#### [Exercise data]
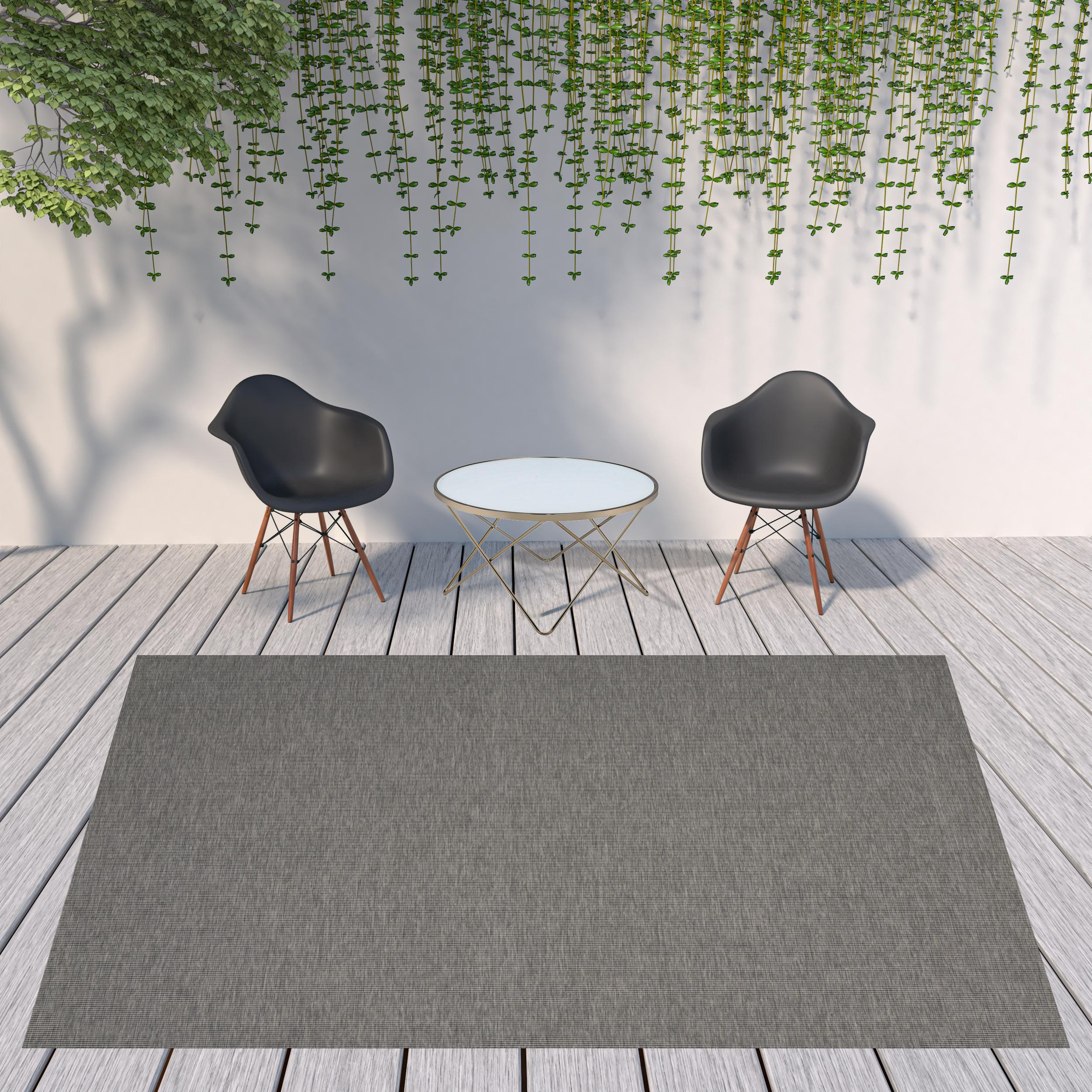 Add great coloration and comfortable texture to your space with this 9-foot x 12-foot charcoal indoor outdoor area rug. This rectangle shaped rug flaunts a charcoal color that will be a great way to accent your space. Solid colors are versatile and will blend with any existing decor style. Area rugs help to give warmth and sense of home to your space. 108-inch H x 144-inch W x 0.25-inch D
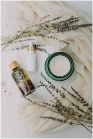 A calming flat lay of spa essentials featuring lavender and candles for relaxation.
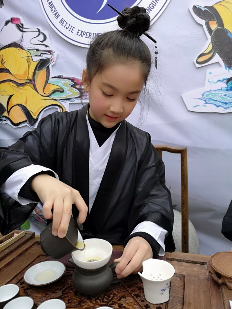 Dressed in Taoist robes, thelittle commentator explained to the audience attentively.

--

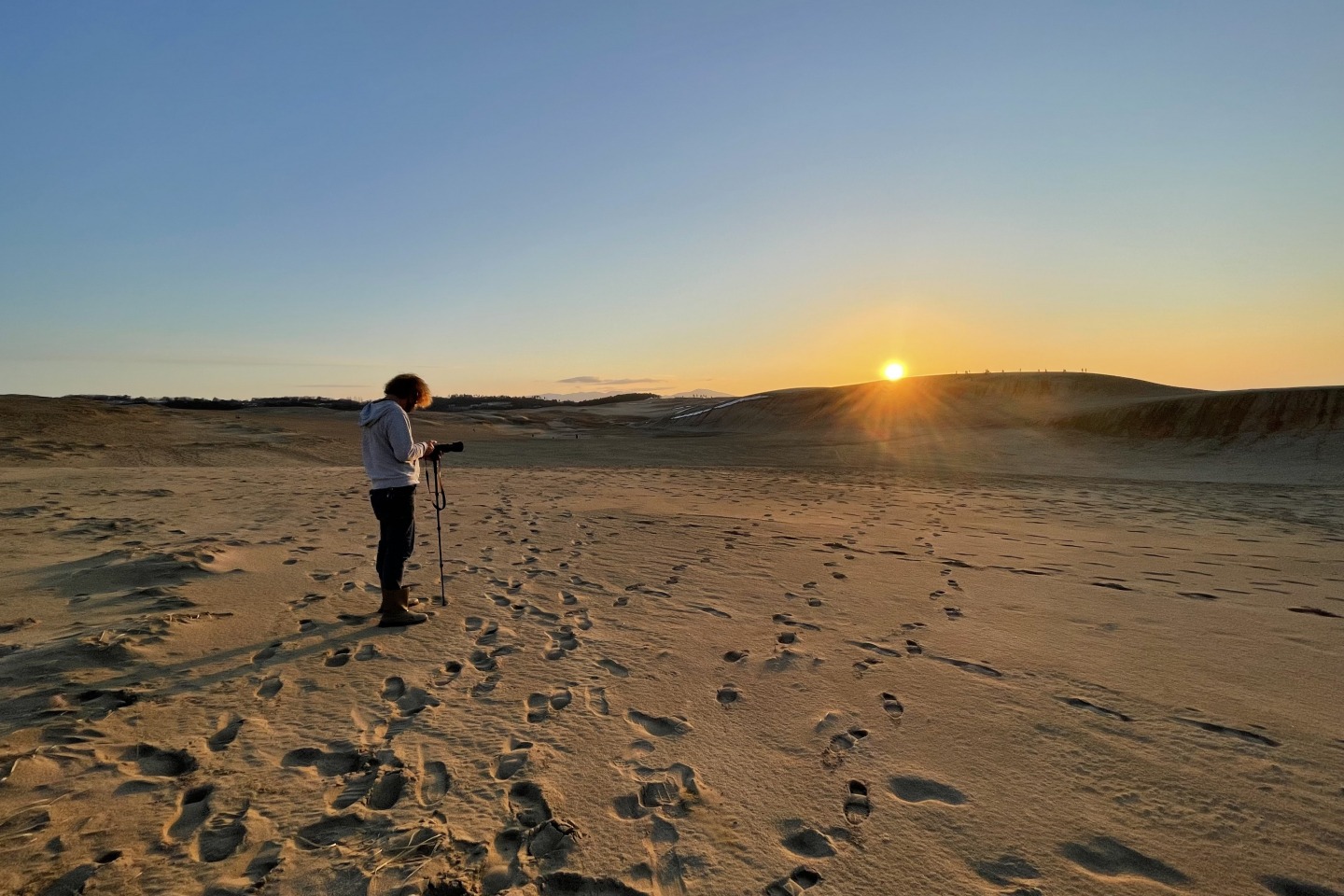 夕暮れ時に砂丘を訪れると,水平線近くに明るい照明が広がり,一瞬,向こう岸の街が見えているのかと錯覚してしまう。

* * *

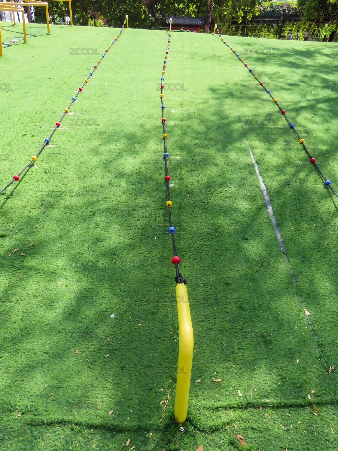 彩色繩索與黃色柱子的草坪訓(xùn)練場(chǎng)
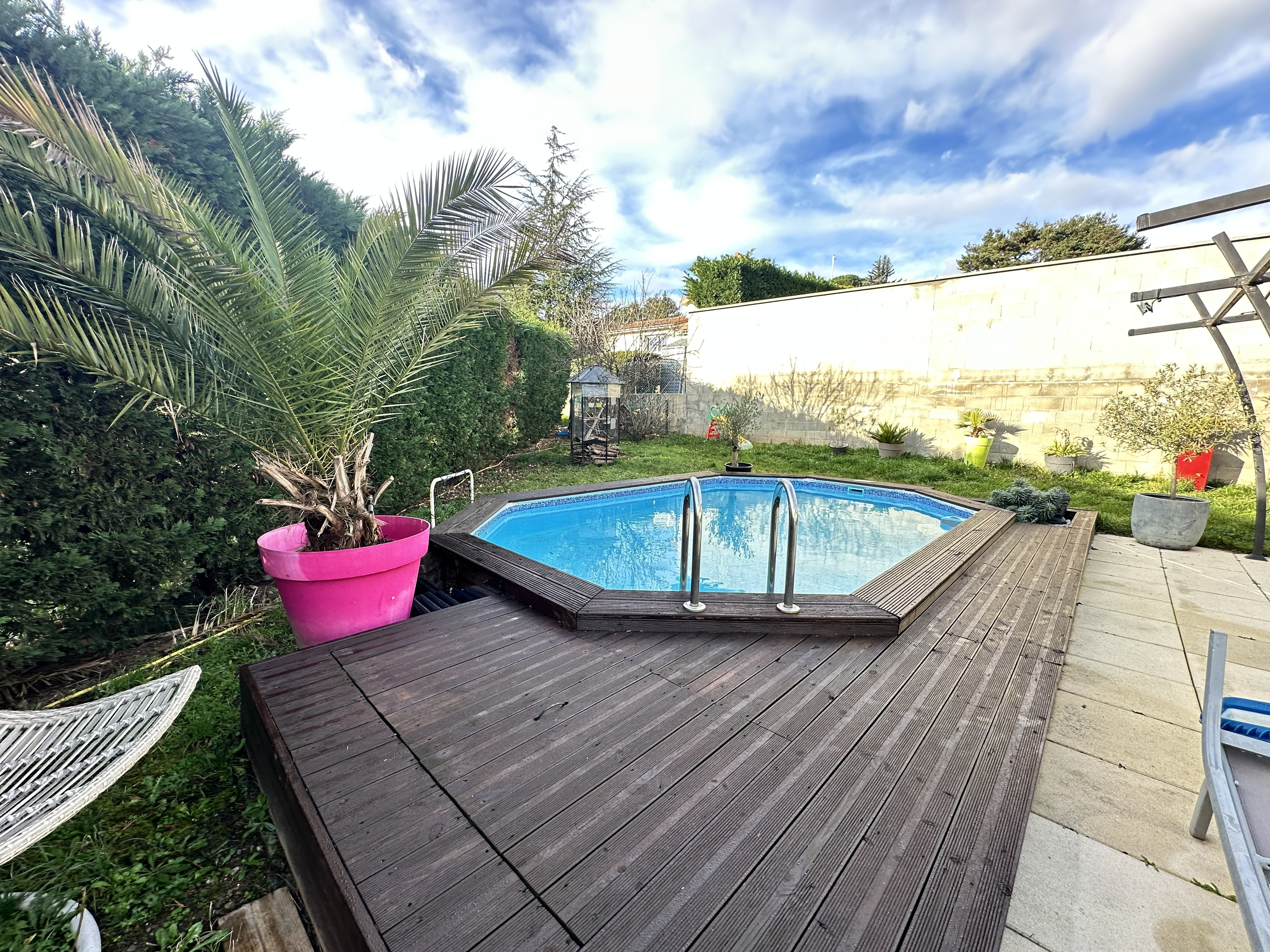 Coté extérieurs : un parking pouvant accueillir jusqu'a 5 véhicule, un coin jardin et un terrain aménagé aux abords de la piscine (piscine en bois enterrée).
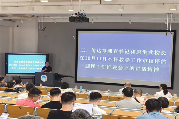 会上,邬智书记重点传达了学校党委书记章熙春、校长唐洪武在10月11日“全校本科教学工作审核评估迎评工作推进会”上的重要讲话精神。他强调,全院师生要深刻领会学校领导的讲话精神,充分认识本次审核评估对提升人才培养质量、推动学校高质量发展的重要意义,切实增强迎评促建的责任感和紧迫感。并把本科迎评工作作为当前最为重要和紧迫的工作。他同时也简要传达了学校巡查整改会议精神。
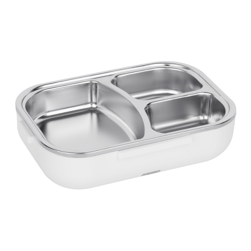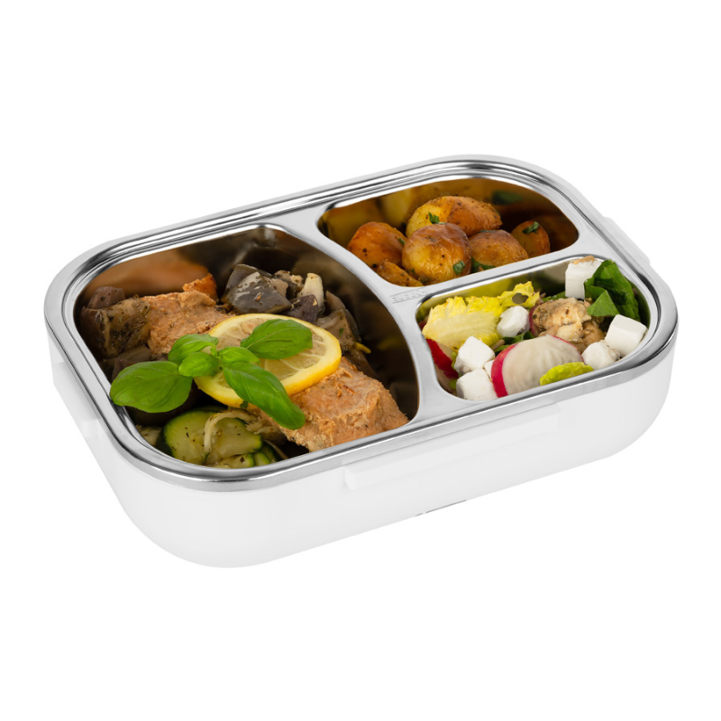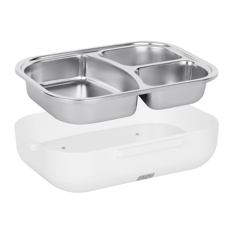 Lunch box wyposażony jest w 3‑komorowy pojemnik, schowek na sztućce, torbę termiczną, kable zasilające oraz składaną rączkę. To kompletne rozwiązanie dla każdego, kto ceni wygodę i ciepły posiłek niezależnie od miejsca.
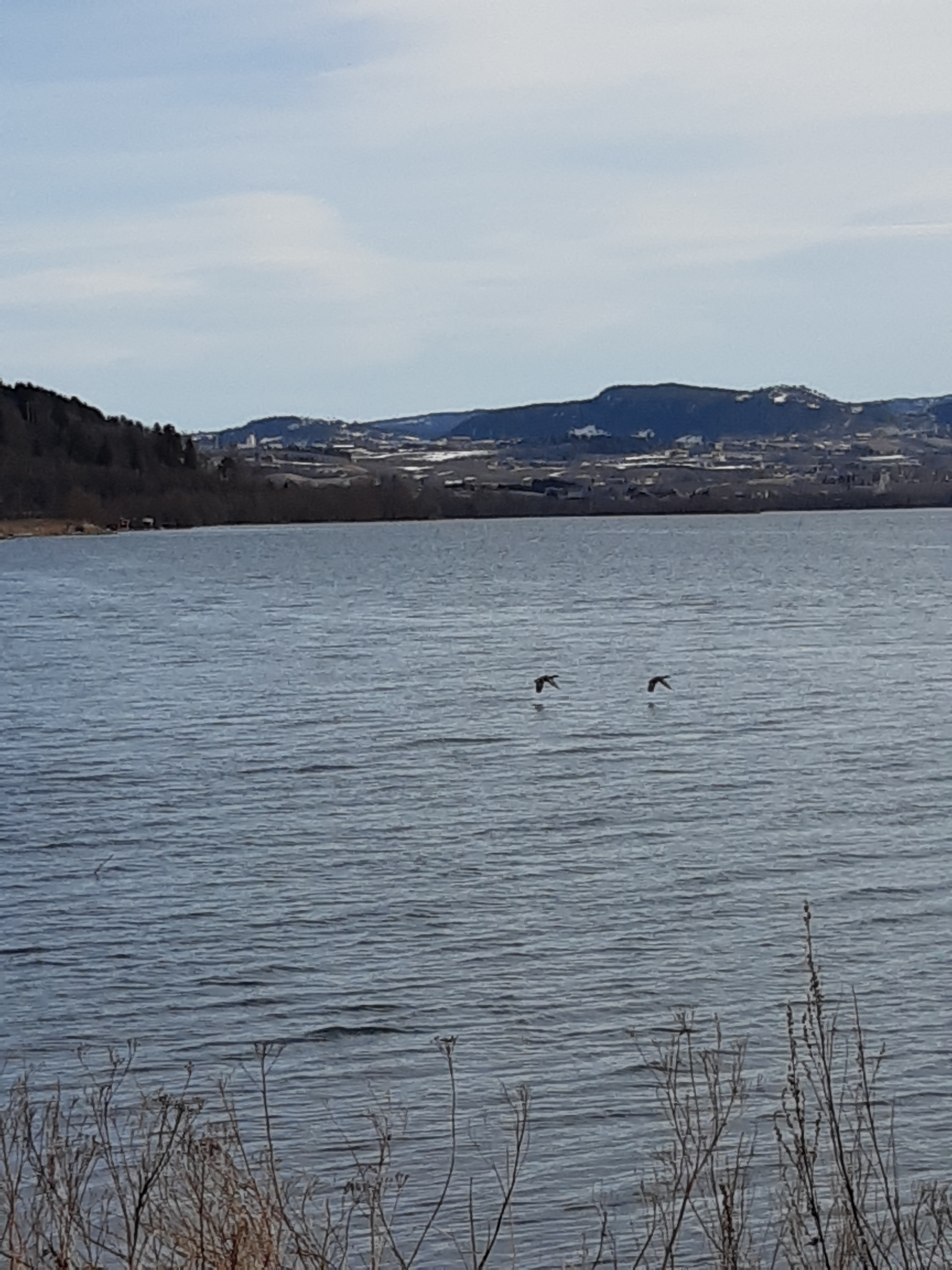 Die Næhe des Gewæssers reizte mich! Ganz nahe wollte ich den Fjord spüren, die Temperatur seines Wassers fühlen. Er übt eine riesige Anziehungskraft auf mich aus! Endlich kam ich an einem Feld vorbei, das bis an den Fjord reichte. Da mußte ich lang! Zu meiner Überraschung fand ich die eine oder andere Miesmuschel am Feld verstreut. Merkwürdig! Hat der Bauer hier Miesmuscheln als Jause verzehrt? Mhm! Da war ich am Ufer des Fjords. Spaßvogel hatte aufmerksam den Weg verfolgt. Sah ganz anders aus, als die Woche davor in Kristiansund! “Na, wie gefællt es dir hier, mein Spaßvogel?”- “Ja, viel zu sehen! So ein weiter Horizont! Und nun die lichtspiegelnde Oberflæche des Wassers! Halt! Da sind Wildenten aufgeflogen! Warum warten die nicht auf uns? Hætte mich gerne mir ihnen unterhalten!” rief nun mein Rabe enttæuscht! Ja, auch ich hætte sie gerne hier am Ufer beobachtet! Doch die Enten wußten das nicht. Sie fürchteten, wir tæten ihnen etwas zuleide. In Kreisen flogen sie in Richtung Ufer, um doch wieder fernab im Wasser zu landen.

#### [Activity]
From the listing above, please give again the lines that begin with the line holding "Coté extérieurs : un" and go on through the line holding "Lunch box wyposażony", exactly, both ends included, minus any picture.

#### [Final answer]
 Coté extérieurs : un parking pouvant accueillir jusqu'a 5 véhicule, un coin jardin et un terrain aménagé aux abords de la piscine (piscine en bois enterrée).
 会上,邬智书记重点传达了学校党委书记章熙春、校长唐洪武在10月11日“全校本科教学工作审核评估迎评工作推进会”上的重要讲话精神。他强调,全院师生要深刻领会学校领导的讲话精神,充分认识本次审核评估对提升人才培养质量、推动学校高质量发展的重要意义,切实增强迎评促建的责任感和紧迫感。并把本科迎评工作作为当前最为重要和紧迫的工作。他同时也简要传达了学校巡查整改会议精神。
 Lunch box wyposażony jest w 3‑komorowy pojemnik, schowek na sztućce, torbę termiczną, kable zasilające oraz składaną rączkę. To kompletne rozwiązanie dla każdego, kto ceni wygodę i ciepły posiłek niezależnie od miejsca.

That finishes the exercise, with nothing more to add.